Records from a collection:
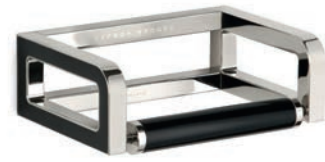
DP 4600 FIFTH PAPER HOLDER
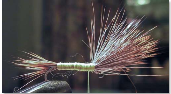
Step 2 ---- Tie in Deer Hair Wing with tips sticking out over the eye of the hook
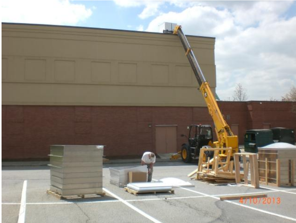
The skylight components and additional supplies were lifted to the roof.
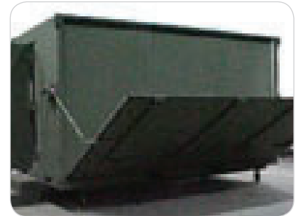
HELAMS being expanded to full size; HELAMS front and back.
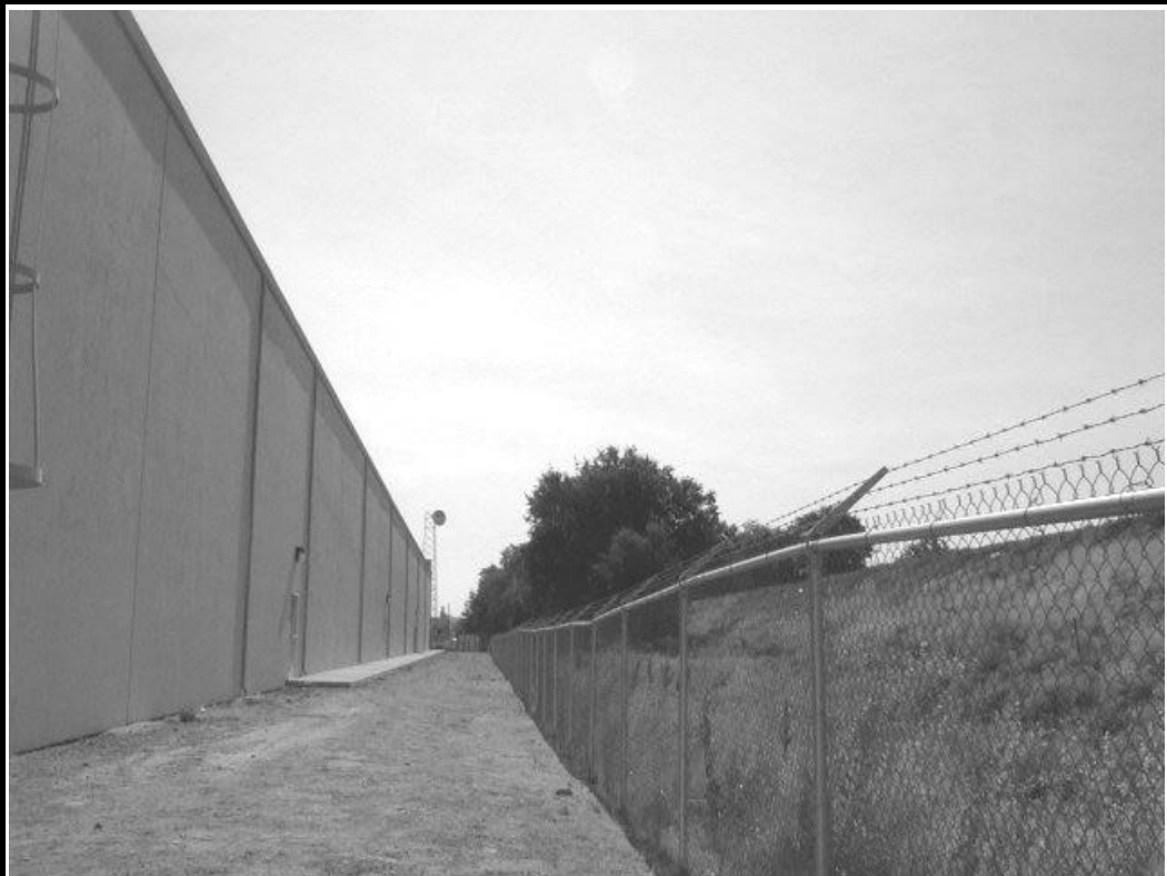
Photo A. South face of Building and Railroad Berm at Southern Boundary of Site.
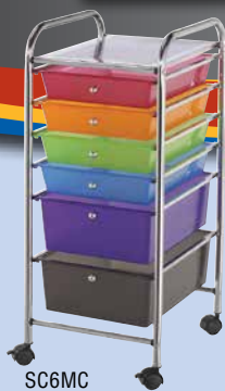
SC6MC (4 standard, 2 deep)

Aim of the task —
Only the text of the entries above is to be given again, exactly, with the pictures left out.

Solution for this exercise —
DP 4600 FIFTH PAPER HOLDER
Step 2 ---- Tie in Deer Hair Wing with tips sticking out over the eye of the hook
The skylight components and additional supplies were lifted to the roof.
HELAMS being expanded to full size; HELAMS front and back.
Photo A. South face of Building and Railroad Berm at Southern Boundary of Site.
SC6MC (4 standard, 2 deep)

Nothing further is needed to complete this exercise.